Former England striker Frank Worthington has been diagnosed with Alzheimer’s disease, his daughter says.
Worthington, 67, had a playing career spanning 26 years that included more than 200 appearances for Leicester.
He started his career at Huddersfield and also played for the likes of Leeds, Bolton Wanderers and Sunderland.
“He was diagnosed several years ago and has been holding it off with positive thinking and football,” wrote Kim-Malou Worthington in a post on Facebook.
“They say several footballers from my dad’s era seem to have suffered the same disease, possibly due to the constant heading of the heavy football back in the day.”
Jeff Astle, another former England striker, died in 2002 from brain trauma which a coroner ruled was caused by heading heavy leather balls.

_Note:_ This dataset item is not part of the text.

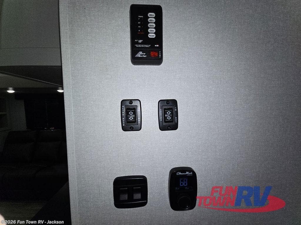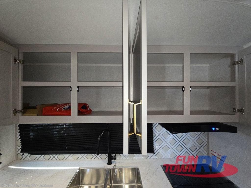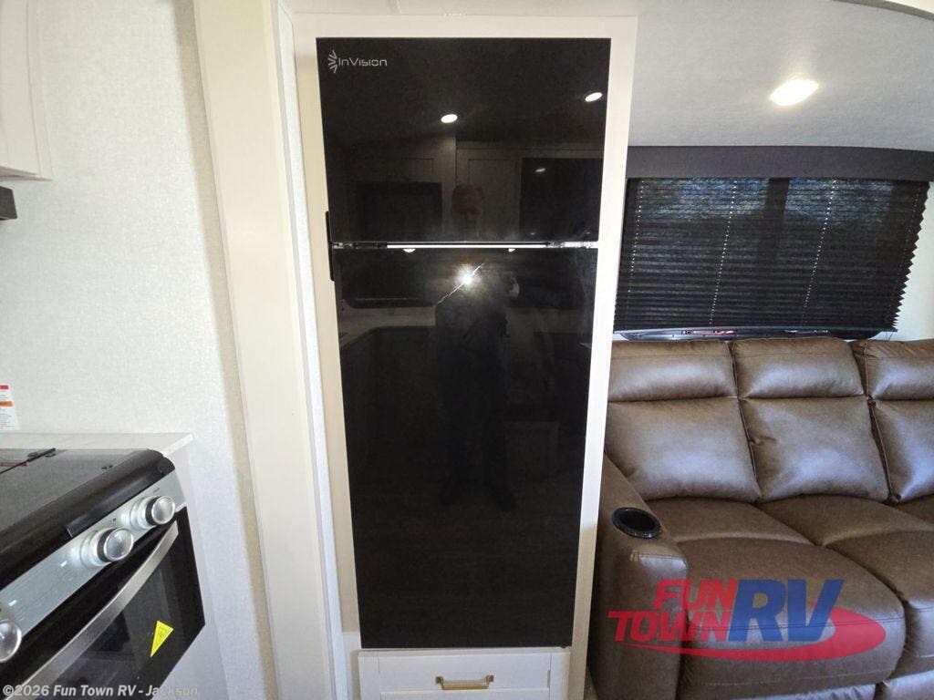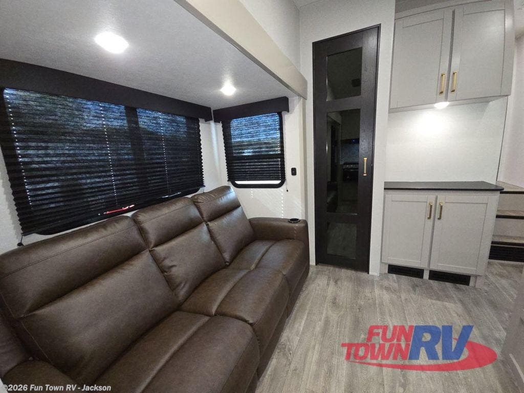 The fifth wheel you were waiting for! The spacious rear kitchen is equipped with a three-burner cooktop, microwave, booth dinette, 12V refrigerator, and sink, providing ample space for meal preparation. Overhead cabinets and a pantry provide ample storage for cookware, dishes, and other essential kitchen items. The living area features a trifold sofa, perfect for relaxation and entertainment. The full bathroom’s thoughtful design ensures that everyone has their own space, and the front bedroom is a retreat from the world, featuring a plush queen bed, a spacious wardrobe, and a closet.

Three members of England’s 1966 World Cup-winning squad – Martin Peters, Nobby Stiles and Ray Wilson – also have Alzheimer’s, the most common cause of dementia.
The Football Association wants world governing body Fifa to investigate whether former players have dementia as a consequence of playing the game.
Worthington won eight England caps, scoring two goals.
He scored a memorable individual goal for Bolton during a Division One match against Ipswich in 1979.
Worthington went on to manage Tranmere Rovers in the mid-1980s and was player-coach at hometown club Halifax in the 1991-92 season.
His daughter added: “It’s a funny thing that the one big lesson my dad always taught me was ‘mind over matter’… no matter how hard life gets, being positive will pull you through, every adversity is an opportunity for change and growth.
“My heart goes out to all those affected by Alzheimer’s, what a journey it is for all those affected.”